_Records for this exercise:_
● ● ● ●
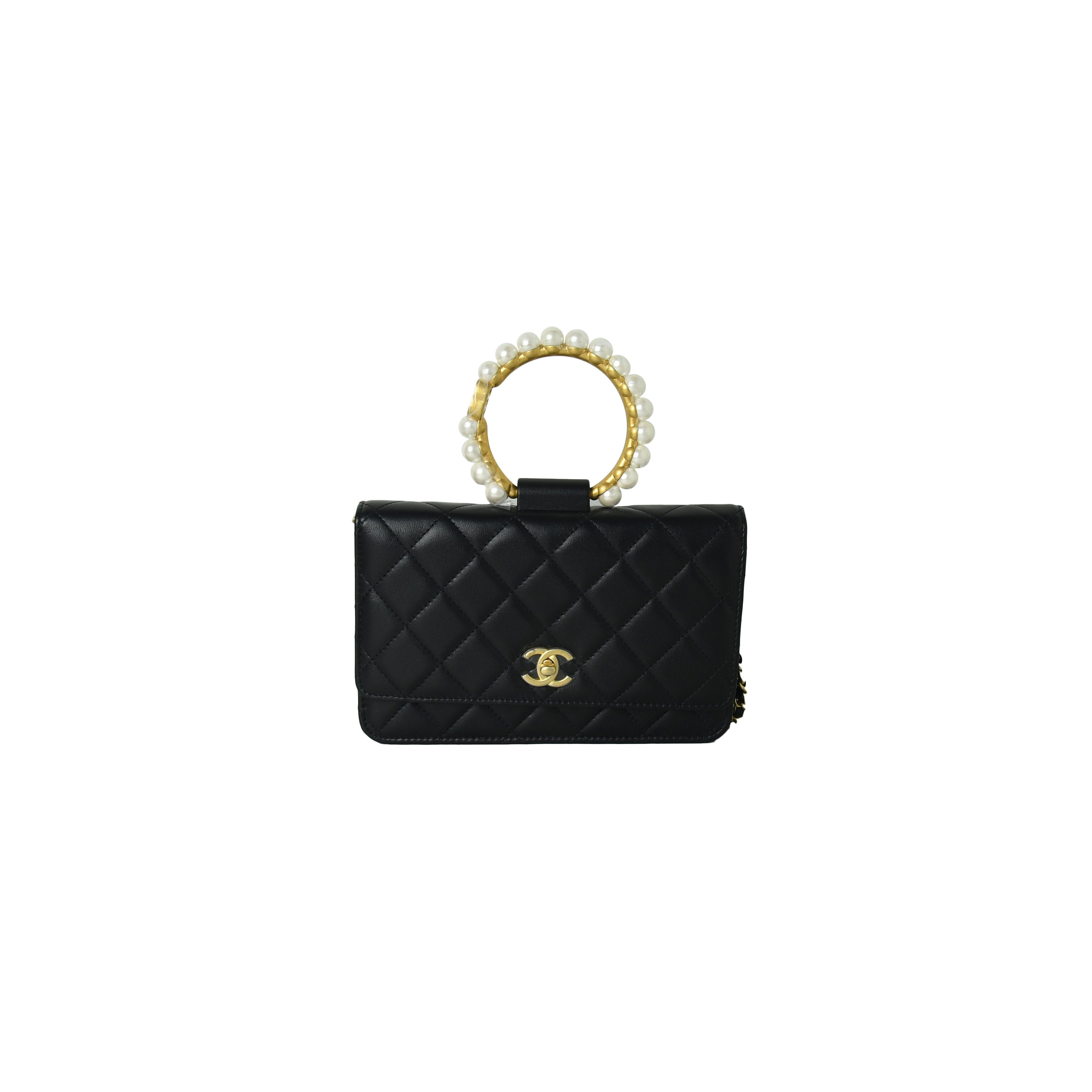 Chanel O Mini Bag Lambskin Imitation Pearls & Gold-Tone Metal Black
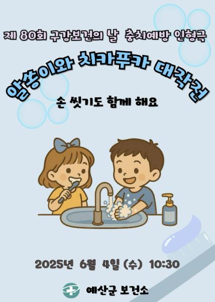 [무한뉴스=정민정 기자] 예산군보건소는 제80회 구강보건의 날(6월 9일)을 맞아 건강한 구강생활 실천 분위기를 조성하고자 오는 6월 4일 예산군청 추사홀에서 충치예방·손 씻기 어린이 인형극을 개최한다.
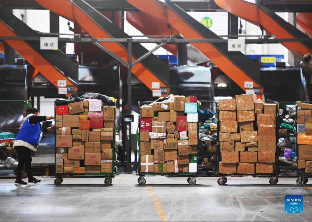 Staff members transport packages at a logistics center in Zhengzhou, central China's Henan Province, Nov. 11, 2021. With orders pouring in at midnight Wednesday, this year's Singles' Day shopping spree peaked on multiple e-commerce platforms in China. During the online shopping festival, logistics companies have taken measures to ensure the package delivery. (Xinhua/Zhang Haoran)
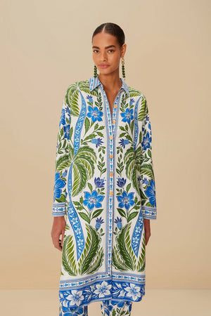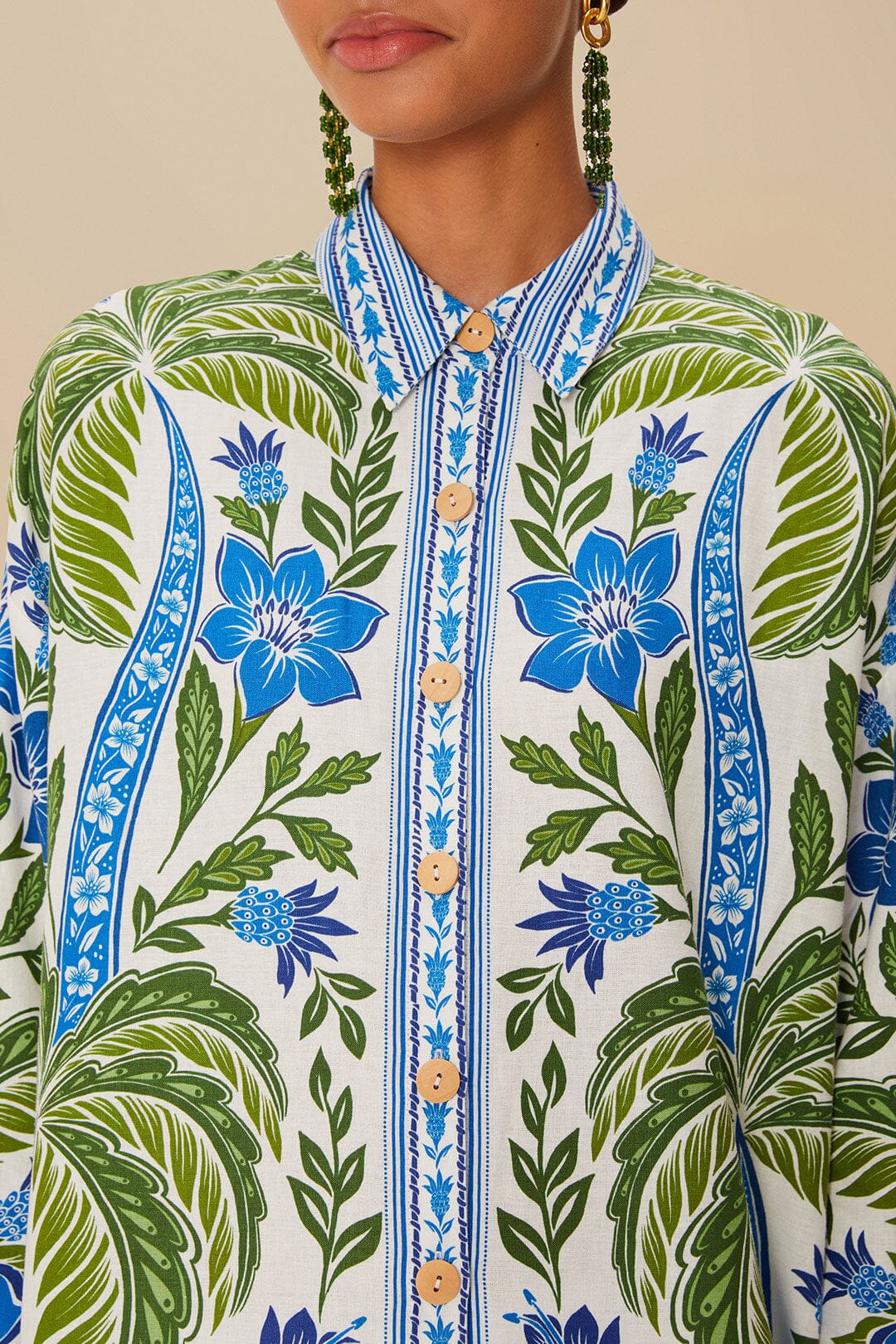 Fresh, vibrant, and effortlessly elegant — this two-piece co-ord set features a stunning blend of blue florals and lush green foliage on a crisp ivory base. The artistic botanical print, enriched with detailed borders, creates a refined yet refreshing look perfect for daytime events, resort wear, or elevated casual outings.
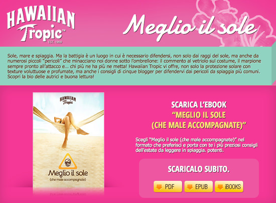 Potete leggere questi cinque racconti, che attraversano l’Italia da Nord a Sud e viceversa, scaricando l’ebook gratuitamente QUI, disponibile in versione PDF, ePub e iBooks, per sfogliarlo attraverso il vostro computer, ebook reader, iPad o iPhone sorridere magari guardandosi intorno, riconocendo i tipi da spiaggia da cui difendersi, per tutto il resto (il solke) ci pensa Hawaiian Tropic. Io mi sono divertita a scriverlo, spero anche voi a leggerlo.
● ● ● ●
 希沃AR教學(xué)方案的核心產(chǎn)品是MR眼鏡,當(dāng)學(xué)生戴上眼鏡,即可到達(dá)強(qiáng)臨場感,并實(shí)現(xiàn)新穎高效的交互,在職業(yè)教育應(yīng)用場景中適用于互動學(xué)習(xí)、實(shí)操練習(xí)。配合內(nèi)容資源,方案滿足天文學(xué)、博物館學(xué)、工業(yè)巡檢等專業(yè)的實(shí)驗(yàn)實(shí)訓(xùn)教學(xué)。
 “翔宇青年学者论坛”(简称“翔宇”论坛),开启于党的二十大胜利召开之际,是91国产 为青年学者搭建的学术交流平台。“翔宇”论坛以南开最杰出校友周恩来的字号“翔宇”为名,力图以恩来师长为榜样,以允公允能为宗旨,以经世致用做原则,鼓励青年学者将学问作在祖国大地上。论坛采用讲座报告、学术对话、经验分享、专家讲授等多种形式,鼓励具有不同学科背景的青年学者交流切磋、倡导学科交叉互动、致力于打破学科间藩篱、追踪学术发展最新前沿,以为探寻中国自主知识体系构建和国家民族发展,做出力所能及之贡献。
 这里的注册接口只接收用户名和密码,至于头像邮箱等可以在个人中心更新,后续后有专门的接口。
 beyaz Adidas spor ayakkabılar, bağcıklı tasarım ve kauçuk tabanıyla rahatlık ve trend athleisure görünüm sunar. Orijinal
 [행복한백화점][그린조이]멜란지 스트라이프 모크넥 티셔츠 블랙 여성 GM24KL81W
● ● ● ●
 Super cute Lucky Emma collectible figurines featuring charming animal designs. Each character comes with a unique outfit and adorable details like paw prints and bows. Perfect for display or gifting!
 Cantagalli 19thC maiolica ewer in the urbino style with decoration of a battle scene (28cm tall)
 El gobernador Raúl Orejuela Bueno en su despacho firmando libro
● ● ● ●
_Required action:_ Only the lines between the one with "Chanel O Mini" and the one with "Potete leggere questi", those two included, get copied from the material above. Keep it exact and free of pictures.

_Task result:_
 Chanel O Mini Bag Lambskin Imitation Pearls & Gold-Tone Metal Black
 [무한뉴스=정민정 기자] 예산군보건소는 제80회 구강보건의 날(6월 9일)을 맞아 건강한 구강생활 실천 분위기를 조성하고자 오는 6월 4일 예산군청 추사홀에서 충치예방·손 씻기 어린이 인형극을 개최한다.
 Staff members transport packages at a logistics center in Zhengzhou, central China's Henan Province, Nov. 11, 2021. With orders pouring in at midnight Wednesday, this year's Singles' Day shopping spree peaked on multiple e-commerce platforms in China. During the online shopping festival, logistics companies have taken measures to ensure the package delivery. (Xinhua/Zhang Haoran)
 Fresh, vibrant, and effortlessly elegant — this two-piece co-ord set features a stunning blend of blue florals and lush green foliage on a crisp ivory base. The artistic botanical print, enriched with detailed borders, creates a refined yet refreshing look perfect for daytime events, resort wear, or elevated casual outings.
 Potete leggere questi cinque racconti, che attraversano l’Italia da Nord a Sud e viceversa, scaricando l’ebook gratuitamente QUI, disponibile in versione PDF, ePub e iBooks, per sfogliarlo attraverso il vostro computer, ebook reader, iPad o iPhone sorridere magari guardandosi intorno, riconocendo i tipi da spiaggia da cui difendersi, per tutto il resto (il solke) ci pensa Hawaiian Tropic. Io mi sono divertita a scriverlo, spero anche voi a leggerlo.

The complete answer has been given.